Material provided Start Marker

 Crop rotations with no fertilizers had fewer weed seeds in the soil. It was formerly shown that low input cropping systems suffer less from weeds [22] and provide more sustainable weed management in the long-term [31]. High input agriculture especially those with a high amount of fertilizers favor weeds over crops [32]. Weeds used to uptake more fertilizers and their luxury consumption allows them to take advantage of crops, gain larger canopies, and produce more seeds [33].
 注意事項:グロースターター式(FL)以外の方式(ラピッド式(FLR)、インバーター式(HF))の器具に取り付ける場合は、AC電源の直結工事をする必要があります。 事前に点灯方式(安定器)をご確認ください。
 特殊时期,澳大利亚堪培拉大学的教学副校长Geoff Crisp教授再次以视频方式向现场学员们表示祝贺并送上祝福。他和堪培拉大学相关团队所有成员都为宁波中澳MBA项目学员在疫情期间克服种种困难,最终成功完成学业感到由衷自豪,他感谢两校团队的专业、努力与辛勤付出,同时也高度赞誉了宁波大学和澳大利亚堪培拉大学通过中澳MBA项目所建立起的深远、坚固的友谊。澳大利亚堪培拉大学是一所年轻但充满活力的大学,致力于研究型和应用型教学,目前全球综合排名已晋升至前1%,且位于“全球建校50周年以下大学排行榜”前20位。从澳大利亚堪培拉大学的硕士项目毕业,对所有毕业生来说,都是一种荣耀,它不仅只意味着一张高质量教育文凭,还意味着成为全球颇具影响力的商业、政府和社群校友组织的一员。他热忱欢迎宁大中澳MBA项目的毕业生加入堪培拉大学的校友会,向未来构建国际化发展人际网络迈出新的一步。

Material provided End Marker

> Work order:
Include the first line, the line containing "注意事項:グロースターター式", and every line between them, copied exactly from the material above; output no other line.

> Result of this task:
 Crop rotations with no fertilizers had fewer weed seeds in the soil. It was formerly shown that low input cropping systems suffer less from weeds [22] and provide more sustainable weed management in the long-term [31]. High input agriculture especially those with a high amount of fertilizers favor weeds over crops [32]. Weeds used to uptake more fertilizers and their luxury consumption allows them to take advantage of crops, gain larger canopies, and produce more seeds [33].
 注意事項:グロースターター式(FL)以外の方式(ラピッド式(FLR)、インバーター式(HF))の器具に取り付ける場合は、AC電源の直結工事をする必要があります。 事前に点灯方式(安定器)をご確認ください。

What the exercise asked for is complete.